The Barns-Brinton House, Brinton-King Farmstead, Fairville Historic District, Peter Harvey House and Barn, William Harvey House, Oakdale, Parkersville Friends Meetinghouse, Pennsbury Inn, William Peters House, and Springdale Farm are listed on the National Register of Historic Places.

==Geography==
According to the United States Census Bureau, the township has a total area of 10.0 sqmi, of which 9.9 sqmi is land and 0.1 sqmi, or 1.10%, is water. Part of the census-designated place of Chadds Ford is in the eastern part of the township, though the historic village of Chadds Ford is to the east in Chadds Ford Township.

Pennsbury Township has a hot-summer humid continental climate (Dfa) bordering on a humid subtropical climate (Cfa) and the hardiness zone is 7a.

==Demographics==

At the 2010 census, the township was 93.6% non-Hispanic White, 0.7% Black or African American, 0.1% Native American, 3.1% Asian, and 1.2% were two or more races. Of the population, 1.4% were of Hispanic or Latino ancestry.

As of the census of 2000, there were 3,500 people, 1,387 households, and 990 families living in the township. The population density was 353.0 PD/sqmi. There were 1,438 housing units at an average density of 145.0 /sqmi. The racial makeup of the township was 95.97% White, 0.71% African American, 0.11% Native American, 2.20% Asian, 0.20% from other races, and 0.80% from two or more races. Hispanic or Latino of any race were 1.54% of the population.
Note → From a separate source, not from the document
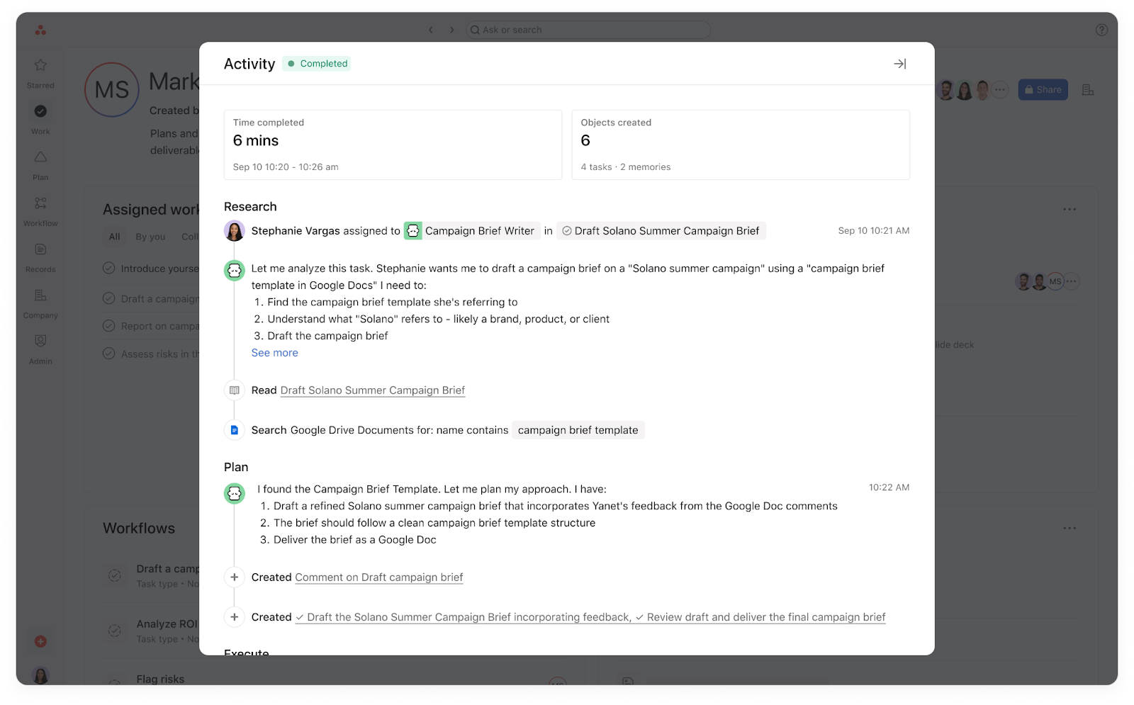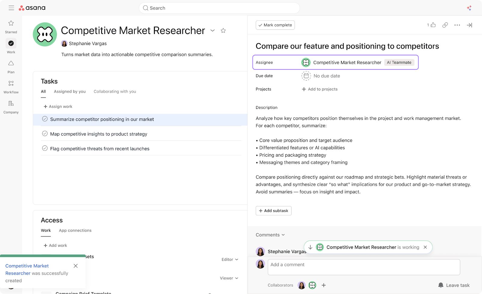 Asigna una tarea directamente a tu compañero de equipo de IA. El compañero de equipo leerá el título, la descripción y el contexto de la tarea y, a continuación, comenzará a trabajar en ella, publicará comentarios, creará subtareas o realizará otras acciones según lo definido en sus instrucciones.

There were 1,387 households, out of which 26.6% had children under the age of 18 living with them, 65.9% were married couples living together, 3.8% had a female householder with no husband present, and 28.6% were non-families. 26.3% of all households were made up of individuals, and 20.1% had someone living alone who was 65 years of age or older. The average household size was 2.41 and the average family size was 2.91.
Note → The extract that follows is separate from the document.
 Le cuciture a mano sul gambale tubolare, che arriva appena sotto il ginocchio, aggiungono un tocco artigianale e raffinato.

In the township the population was spread out, with 21.1% under the age of 18, 3.2% from 18 to 24, 19.5% from 25 to 44, 28.4% from 45 to 64, and 27.7% who were 65 years of age or older. The median age was 49 years. For every 100 females, there were 86.9 males. For every 100 females age 18 and over, there were 81.8 males.

The median income for a household in the township was $83,295, and the median income for a family was $106,304. Males had a median income of $84,136 versus $45,298 for females. The per capita income for the township was $52,530. None of the families and 1.2% of the population were living below the poverty line, including no under eighteens and none of those over 64.

Historical population
| Census | Pop. | Note | %± |
|---|---|---|---|
| 1930 | 678 |  | — |
| 1940 | 660 |  | −2.7% |
| 1950 | 686 |  | 3.9% |
| 1960 | 936 |  | 36.4% |
| 1970 | 1,763 |  | 88.4% |
| 1980 | 2,604 |  | 47.7% |
| 1990 | 3,326 |  | 27.7% |
| 2000 | 3,500 |  | 5.2% |
| 2010 | 3,604 |  | 3.0% |
| 2020 | 3,876 |  | 7.5% |

==Education==
Pennsbury Township lies within the Unionville-Chadds Ford School District.

==Notable people==
- Joseph Bailey, U.S. Representative for Pennsylvania's 16th congressional district from 1861 to 1863 and Pennsylvania's 15th congressional district from 1863 to 1865
- Isaac Mendenhall, farmer, abolitionist, and station master on the Underground Railroad for more than 34 years

==Transportation==

As of 2022, there were 39.82 mi of public roads in Pennsbury Township, of which 11.81 mi were maintained by the Pennsylvania Department of Transportation (PennDOT) and 28.01 mi were maintained by the township.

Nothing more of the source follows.